*** Opening of Provided entries ***
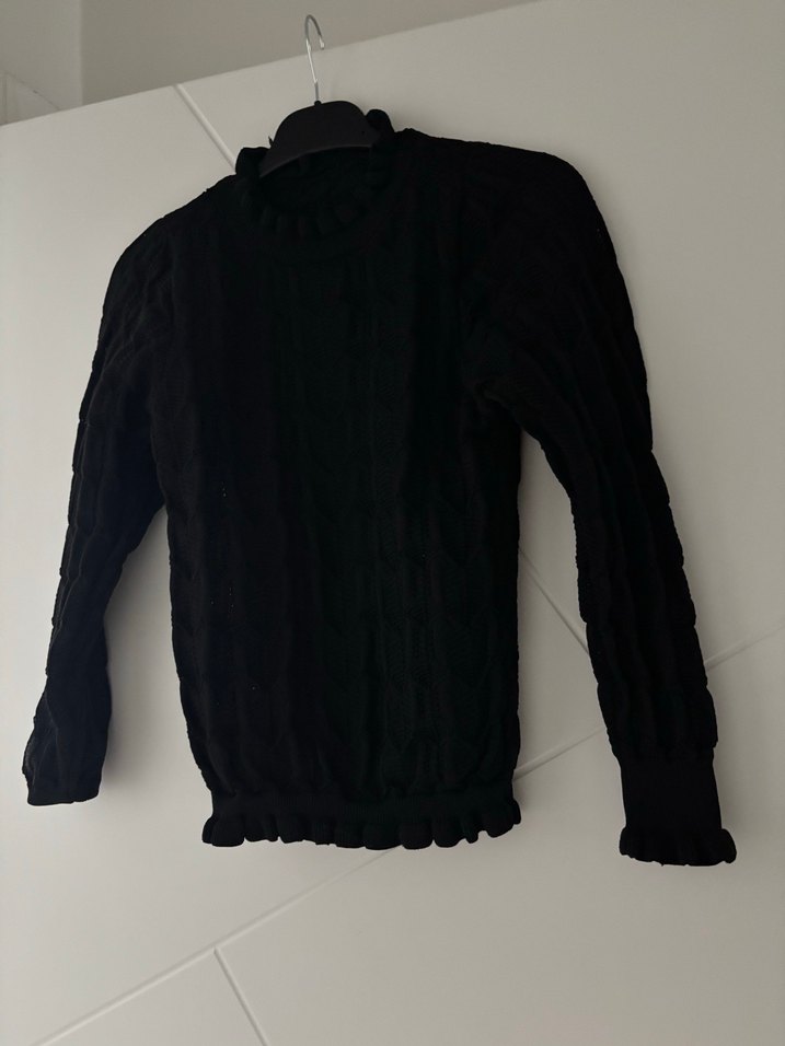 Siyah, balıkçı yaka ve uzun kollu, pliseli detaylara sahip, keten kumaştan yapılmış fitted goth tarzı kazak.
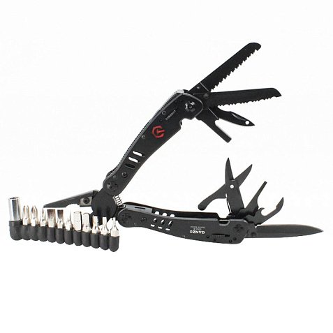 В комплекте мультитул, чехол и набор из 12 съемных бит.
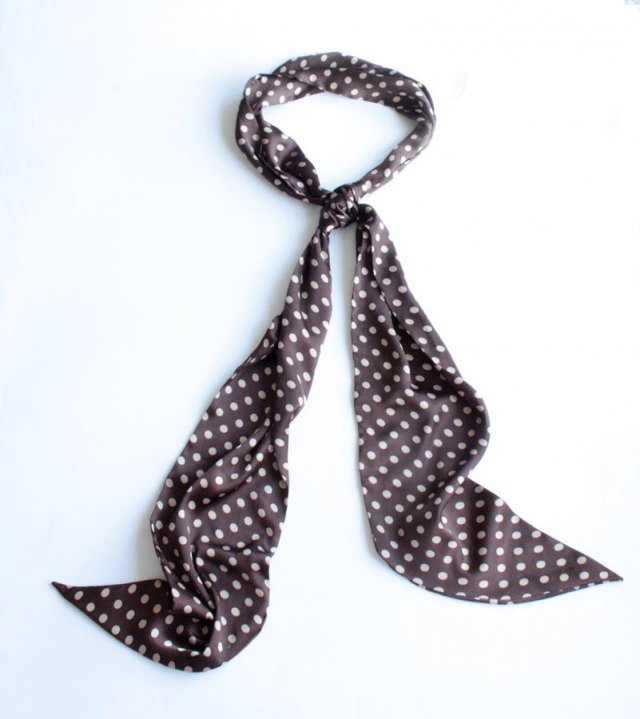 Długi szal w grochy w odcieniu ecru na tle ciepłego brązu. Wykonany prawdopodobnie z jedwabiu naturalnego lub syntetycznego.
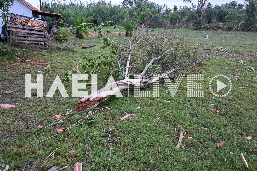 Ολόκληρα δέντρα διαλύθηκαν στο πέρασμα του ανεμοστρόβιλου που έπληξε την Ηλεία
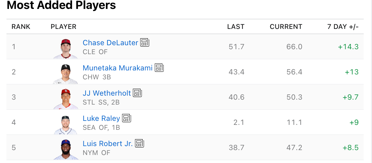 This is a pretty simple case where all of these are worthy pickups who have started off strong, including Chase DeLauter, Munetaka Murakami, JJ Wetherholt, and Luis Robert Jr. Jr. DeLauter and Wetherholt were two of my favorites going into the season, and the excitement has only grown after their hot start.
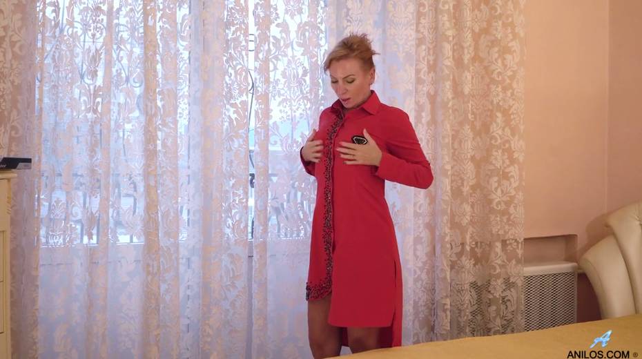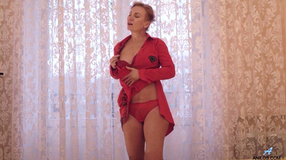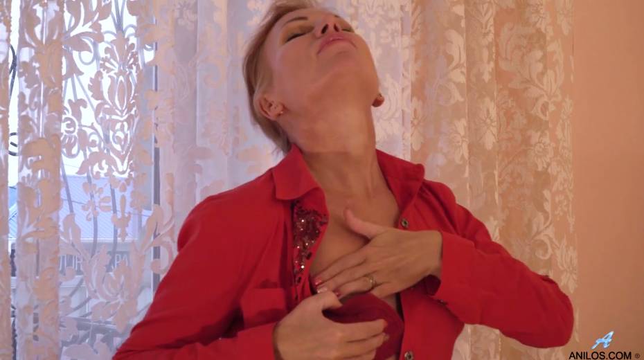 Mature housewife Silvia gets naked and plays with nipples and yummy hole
*** Close of Provided entries ***
--- How to complete this task ---
Your task is to set down the records shown above exactly, minus any pictures.

--- Result of the exercise ---
 Siyah, balıkçı yaka ve uzun kollu, pliseli detaylara sahip, keten kumaştan yapılmış fitted goth tarzı kazak.
 В комплекте мультитул, чехол и набор из 12 съемных бит.
 Długi szal w grochy w odcieniu ecru na tle ciepłego brązu. Wykonany prawdopodobnie z jedwabiu naturalnego lub syntetycznego.
 Ολόκληρα δέντρα διαλύθηκαν στο πέρασμα του ανεμοστρόβιλου που έπληξε την Ηλεία
 This is a pretty simple case where all of these are worthy pickups who have started off strong, including Chase DeLauter, Munetaka Murakami, JJ Wetherholt, and Luis Robert Jr. Jr. DeLauter and Wetherholt were two of my favorites going into the season, and the excitement has only grown after their hot start.
 Mature housewife Silvia gets naked and plays with nipples and yummy hole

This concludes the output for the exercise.